Highpoint Center for Printmaking is pleased to announce the opening of Hot Off The Press, an exhibition featuring 84 individual prints made by members of Highpoint’s artist cooperative. This is our 40th semi-annual, co-op members exhibition and we are ready to celebrate!
As usual, we are offering a 20% discount on all co-op member artwork during this opening event (July 22nd, 6:30 - 9pm) and during our gallery hours on Saturday (July 23rd, 12 - 4pm).
Hot Off the Press features recent work made by 35 members from Highpoint’s artist cooperative. The exhibition prints incorporate a wide variety of techniques and styles, including large-scale woodcuts, lithographs, screenprints, monotypes, and more! Most work will be available for purchase throughout the exhibition. Many of the 35 participating artists will be present for the opening reception, so it is a great chance to meet the people making the work!

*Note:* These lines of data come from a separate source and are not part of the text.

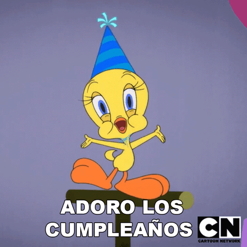 Tweety Bird, wearing a party hat, joyfully exclaims "I love birthdays!" in this Cartoon Network clip.
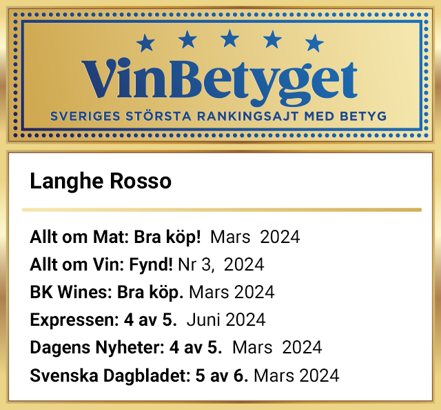 - Ranking: Langhe Rosso får mycket högt totalbetyg av experterna. Ett av de mest prisvärda vinerna av Systembolagets röda viner i prisklassen.
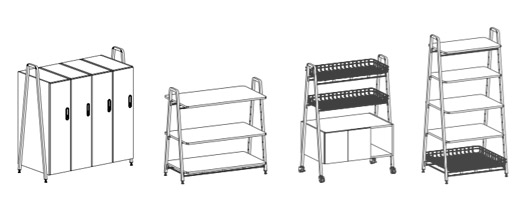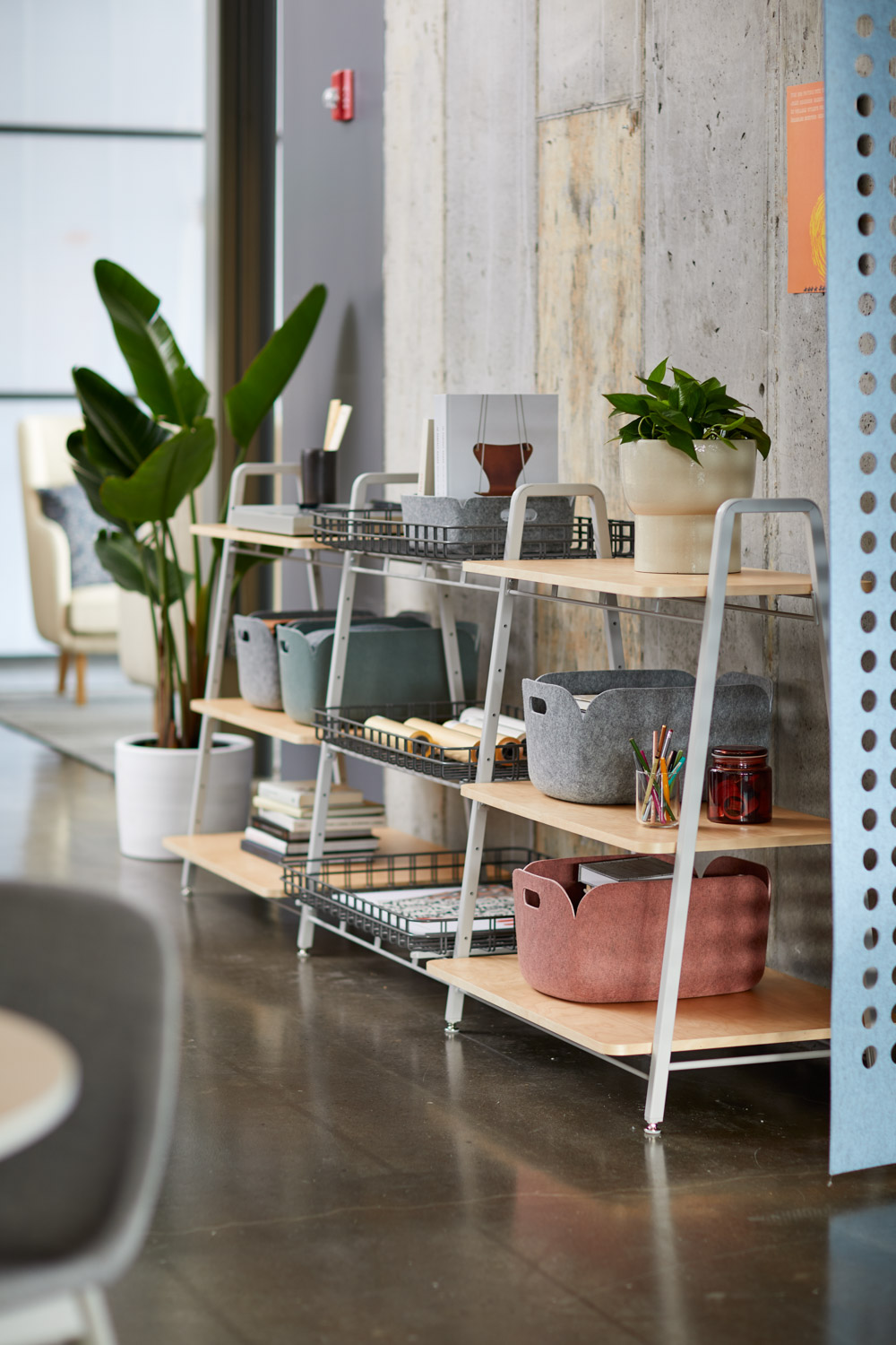 Rockwell Unscripted modular storage serves as a creative toolbox with a full range of open and enclosed storage elements in an eclectic mix of materials, which can be linked together to delineate and activate space. Modular components include shelves, removable baskets, cabinets, lockers, conversation boards, coat racks, and worksurfaces.
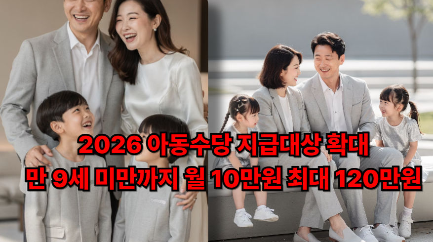 정부 발표 기준으로 2026년 1월부터 아동수당이 ‘만 9세 미만(0~107개월)’까지 단계 확대가 추진·안내되고 있습니다. 기존 만 8세 미만에서 종료됐던 가정은 ‘최대 12개월’ 추가 구간이 생기면 최대 120만원(10만원×12개월) 차이가 날 수 있어요.
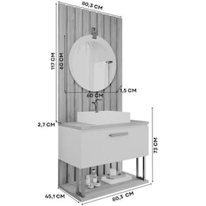 1x Gabinete Suspenso com Cuba 80,3cm X 73cm Mari Titanium Largura: 80,3 cm Altura: 73 cm Peso: 32,8 kg Profundidade: 44,8 cm Necessita Montagem: Sim
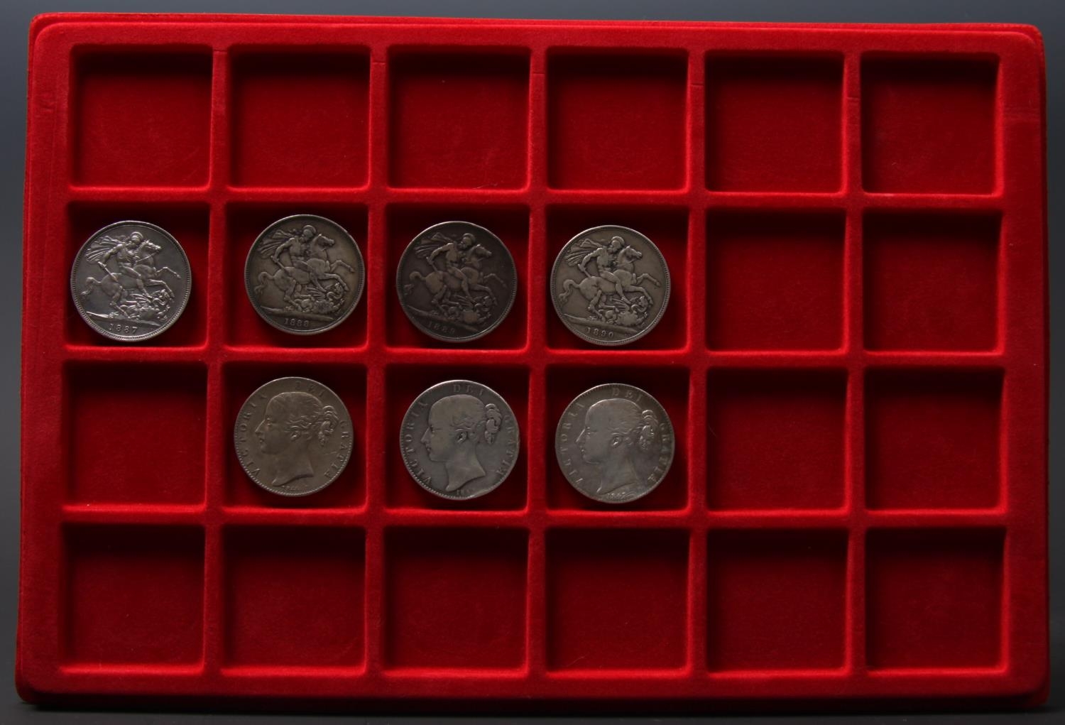 Coins, Great Britain, Crowns, 1844, good Fine but minor mark at date; 1845, eks Fine; 1847, Fine but mark at date; 1887-90 Fine (4) [7]
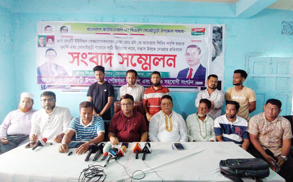 নোয়াখালীর সোনাইমুড়ী উপজেলার ৯নং দেওটি ইউনিয়ন স্বেচ্ছাসেবক দলের নেতা মোঃ রনিকে জামায়াত-শিবিরের হত্যার হুমকি ও সোনাইমুড়ী বাজারে লাঠি মিছিলের নামে সন্ত্রাস উসকে দেওয়ার প্রতিবাদে সংবাদ সম্মেলন করছে সোনাইমুড়ী উপজেলা ও পৌরসভা বিএনপি এবং অঙ্গ ও সহযোগী সংগঠন।
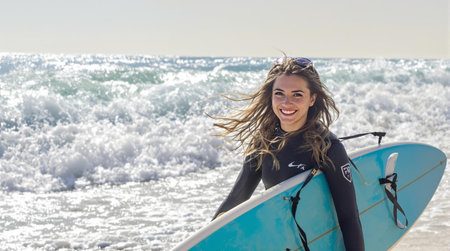 A young woman on the sun-kissed beach, her joyful expression lighting up the scene. With a surfboard under her arm.
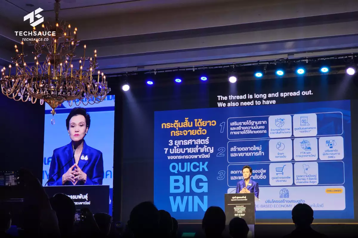 ภายในงาน ‘Thailand Economic Outlook 2026 Out of the Trap’ ทุกสายตาจับจ้องไปที่ Keynote ของ คุณศุภจี สุธรรมพันธุ์ รัฐมนตรีว่าการกระทรวงพาณิชย์ ที่ไม่ได้มาเพียงเพื่อฉายภาพความท้าทาย แต่มาพร้อมพิมพ์เขียวเชิงรุก เพื่อพาเศรษฐกิจไทยออกจาก ‘กับดัก’ ที่ฉุดรั้งการเติบโตมานานหลายปี ท่ามกลางภูมิทัศน์โลกที่ซับซ้อนและแรงกดดันรอบด้าน นี่ไม่ใช่แค่การแก้เกมระยะสั้น แต่คือการวางรากฐานใหม่เพื่อการเติบโตที่ยั่งยืน
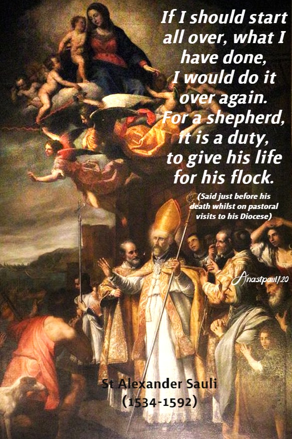 PRAYER – Lord Holy God and Father, open our hearts o Your grace. Let it go before us and be with us. Open our hearts to Your love. Let it be the foundation of our love, let our love be Your love. Stepping in the footsteps of Your Son, in imitation of His Saints as St Alexander Sauli lived, grant that by his intercession, we too may reach Your eternal Feast. Through Jesus our Lord who lives and reigns with You and the Holy Spirit, God now and forever, amen.
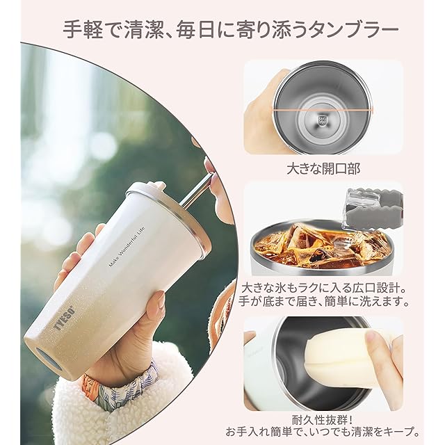 広口デザインで洗浄簡単:広口設計により、このタンブラーは底まで手が届きやすく、内部を簡単に隅々まで洗浄できます。コーヒーやお茶の汚れ、臭いが残らず、いつでも清潔に使用できるタンブラーです。清掃が簡単で、使用後の手間も少なく、毎回新鮮な飲み物を楽しめます。

Scroll onward to see a small selection of the featured prints, and for additional information
Artists and artwork involved in the exhibition:
The Highpoint Cooperative Printshop currently hosts 60+ individual makers, from self-taught artists to life-long makers, educators, Jerome Residents, McKnight Fellows, scholarship recipients, Education and Studio Interns, and more! It is a vibrant and active community brought together for the love of printmaking processes. The cooperative printshop first opened in 2001, and a few of the members in this exhibition have been printing and taking classes at Highpoint since the very beginning!
Artist Highlight:
Meet Carl Nanoff. For the exhibition, Carl displays new works that represent some of the ideas he learned while studying architecture and art back in college, and the structure and forms he has worked with over the last 40 years as a draftsman and designer. As Carl neared the age of retirement, he returned to printmaking and joined Highpoint to develop ideas and printmaking techniques.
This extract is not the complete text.